Tuberculosis (TB) is the leading cause of death from a single bacterial infectious agent and is one of the most relevant issues of public health. Another pandemic disease is type II
diabetes mellitus (T2D) that is estimated to affect half a billion people in the world. T2D is directly associated with
obesity and a sedentary lifestyle and is frequently associated with immunosuppression. Immune dysfunction induced by
hyperglycemia increases
infection frequency and severity. Thus, in developing countries the T2D/TB co-morbidity is frequent and represents one of the most significant challenges for the health-care systems. Several immunoendocrine abnormalities are occurring during the chronic phase of both diseases, such as high extra-adrenal production of active
glucocorticoids (GCs) by the activity of 11-β-hydroxysteroid
dehydrogenase type 1 (11-βHSD1). 11-βHSD1 catalyzes the conversion of inactive
cortisone to active
cortisol or
corticosterone in lungs and liver, while 11-β-hydroxysteroid
dehydrogenase type 2 (11-βHSD2) has the opposite effect. Active GCs have been related to
insulin resistance and suppression of Th1 responses, which are deleterious factors in both T2D and TB. The anabolic adrenal
hormone dehydroepiandrosterone (
DHEA) exerts antagonistic effects on GC signaling in immune cells and metabolic tissues; however, its
anabolic effects prohibit its use to treat immunoendocrine diseases. 16α-bromoepiandrosterone (BEA) is a water miscible synthetic
sterol related to
DHEA that lacks an
anabolic effect while amplifying the immune and metabolic properties with important potential
therapeutic uses.
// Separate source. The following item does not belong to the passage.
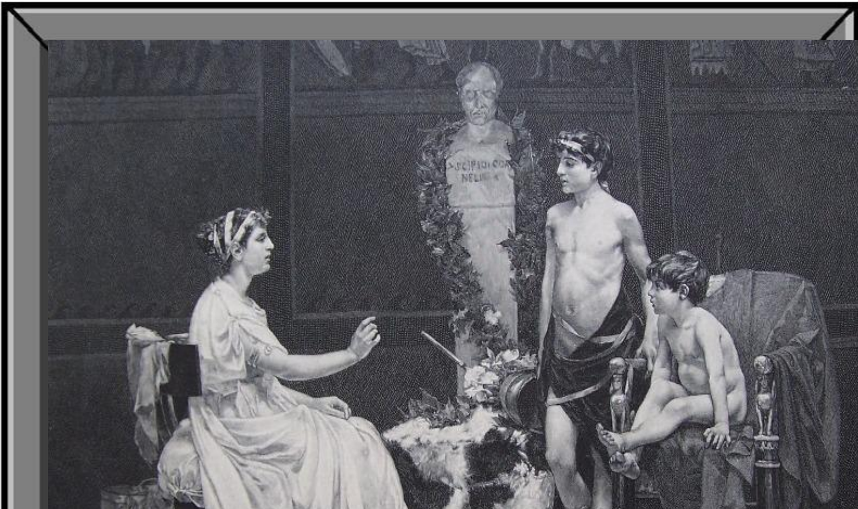
Братья Гракхи в детстве с матерью Корнелией Африканской Младшей

In this work, we compared the expression of 11-βHSD1 and the therapeutic efficacy of BEA in diabetic mice infected with
tuberculosis (TB) (T2D/TB) with respect to non-diabetic TB-infected mice (TB). T2D was induced by feeding mice with a high-fat diet and administering a single low-dose of
streptozotocin. After 4 weeks of T2D establishment, mice were infected intratracheally with a high-dose of Mycobacterium tuberculosis strain H37Rv. Then, mice were treated with BEA three times a week by subcutaneous and intratracheal routes.
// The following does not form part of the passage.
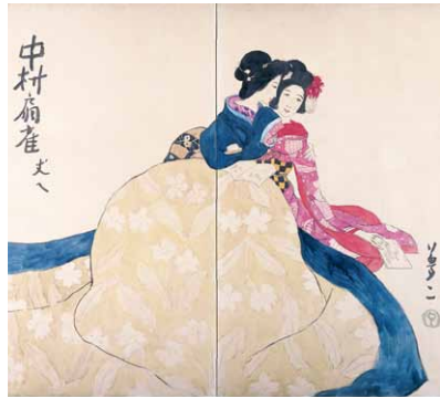
こたつ (中村扇雀文へ)

Infection with TB increased the expression of 11-βHSD1 and
corticosterone in the lungs and liver of both T2D/TB and TB mice; however, T2D/TB mice developed a more severe
lung disease than TB mice. In comparison with untreated animals, BEA decreased GC and 11-βHSD1 expression while increasing 11-βHSD2 expression. These molecular effects of BEA were associated with a reduction in
hyperglycemia and
liver steatosis, lower lung bacillary loads and
pneumonia. These results uphold BEA as a promising effective
therapy for the T2D/TB co-morbidity.